Visualizing H&E patches¶
Let's now visualize some H&E crops to see what the chromatin-clumping actually looks like. Let's first select some patches with high and low chromatin clump proportions.
import matplotlib.pyplot as plt
grid_feats_sorted = grid_feats.sort_values("weighted_chrom_prop")
grid_feats_sorted = grid_feats_sorted[grid_feats_sorted["n_nuclei"] > 60]
low_patches = grid_feats_sorted.head(6)
high_patches = grid_feats_sorted.tail(6)
def polygon_to_xywh(polygon):
"""Convert polygon to xywh coordinates for slide reader."""
minx, miny, maxx, maxy = polygon.bounds
return (int(minx), int(miny), int(maxx - minx), int(maxy - miny))
def extract_patch_images(patches, reader):
"""Extract images from WSI for given patches."""
images = []
patch_info = []
for idx, _ in patches.iterrows():
original_geom = gr.loc[idx, "geometry"]
x, y, w, h = polygon_to_xywh(original_geom)
img = reader.read_region((int(x), int(y), int(w), int(h)), 0)
images.append(img)
return images, patch_info
# Extract images for low and high chromatin patches
low_images, low_info = extract_patch_images(low_patches, reader)
high_images, high_info = extract_patch_images(high_patches, reader)
# Create visualization grid
fig, axes = plt.subplots(4, 3, figsize=(12, 12))
# Plot low chromatin patches (top 2 rows)
for i, img in enumerate(low_images):
row = i // 3
col = i % 3
ax = axes[row, col]
ax.imshow(img)
ax.axis("off")
# Plot high chromatin patches (bottom 2 rows)
for i, img in enumerate(high_images):
row = 2 + i // 3
col = i % 3
ax = axes[row, col]
ax.imshow(img)
ax.axis("off")
From the above plot we see that the low chromatin-clump-to-nuclei proportion patches (two first rows) show neoplastic nuclei where the chromatin is clearly clumped and distributed in a more dispersed manner. Some of the nuclei exhibit prominent nucleoli, either single or multiple (multinucleation).
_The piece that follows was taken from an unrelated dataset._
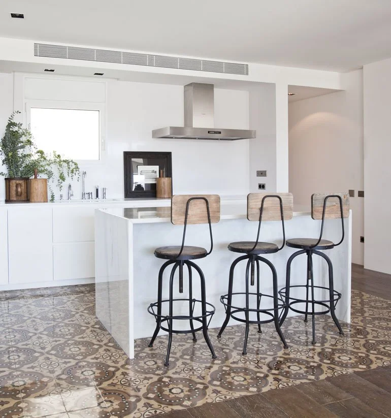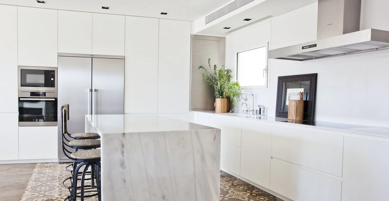 Optamos por un diseño de puertas ocultas, integrándolas perfectamente en las paredes para lograr una estética limpia y uniforme. Además, abrimos la cocina al salón, maximizando la entrada de luz natural y creando un ambiente más amplio y conectado.

In contrast, the high chromatin-clump-to-nuclei proportion patches (two last rows) exhibit a more compact chromatin pattern, with less clumping observed. The broadly distributed and dark stain of the chromatin indicate hyperchromatic neoplastic nuclei.
Conclusions¶
In this tutorial, we demonstrated how to extract and quantify chromatin patterns from H&E stained WSIs using Histolytics. Specifically, we focused on the neoplastic nuclei, for which computed features such as the chromatin clump area and the proportion of chromatin clump area to the total nuclear area. We used these features to characterize the chromatin architecture of neoplastic nuclei and explored how nuclei with differences in their chromatin organization distribute within the slide.